Tuesday, May 22, 2012

Running Least Squares

or "Incremental Least Squares"

If you want to find the Least Squares solution to a linear algebra problem ($$\textbf{A} \vec{y} = \vec{b}$$), you probably would use the formula

$$\hat{y} = (\textbf{A}^\intercal \textbf{A})^{-1} \textbf{A}^\intercal \vec{b},$$

where $$\hat{y}$$ is the closest possible value to $$y$$. If you need to do this for many points, the operation could become expensive, both in time and memory. What you instead could do is this:

Imagine you have calculated the approximation for some number of samples. You had $$\textbf{A}$$, $$\vec{b}$$ and $$\vec{y}$$, and calculated $$\hat{y}$$.

Now you want to add another point to the calculations. Instead of recalculating the transpose, inverse and multiplications, you can add one more row to the formula.

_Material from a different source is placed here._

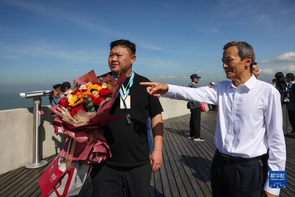 12月15日,来自北京的张岩(左)成为首位登上港珠澳大桥东人工岛的游客,港珠澳大桥管理局局长郑顺潮(右)向他介绍大桥情况。

$$\hat{y}' = \left( \begin{bmatrix}\textbf{A} \\ \vec{r}^\intercal\end{bmatrix}^\intercal \begin{bmatrix}\textbf{A} \\ \vec{r}^\intercal\end{bmatrix} \right)^{-1} \begin{bmatrix}\textbf{A} \\ \vec{r}^\intercal\end{bmatrix}^\intercal \begin{bmatrix}\vec{b} \\ z\end{bmatrix}$$ which expands into $$\hat{y}' = \left( \textbf{A}^\intercal \textbf{A} + \vec{r} \vec{r}^\intercal \right)^{-1} \left( \textbf{A}^\intercal \vec{b} + \vec{r} z \right)$$

Here $$\vec{r}$$ is a vector of the input variables (e.g. $$\begin{bmatrix}x \\ y\end {bmatrix}$$), and $$z$$ is the new target.

You might now see where this is going.

• All you need to keep in memory, are the matrix $$\textbf{M} = \textbf{A}^\intercal \textbf{A}$$ and vector $$\vec{v} = \textbf{A}^\intercal \vec{b}$$.
• Whenever you want to add another point, you increment $$\textbf{M}$$ with $$\vec{r} \vec{r}^\intercal$$, and $$\vec{v}$$ with $$\vec{r} z$$.
• When you want to get the result, you calculate $$\hat{y} = \textbf{M}^{-1} \vec{v}$$. This operation will require at least two samples.
• $$\textbf{M}$$ and $$\vec{v}$$ both start off with only zero-entries.

The size of $$\textbf{M}$$ is $$n \times n$$, and $$\vec{v}$$ is $$n$$, where $$n$$ is the number of coefficients in the system (the width of the matrix $$\textbf{A}$$.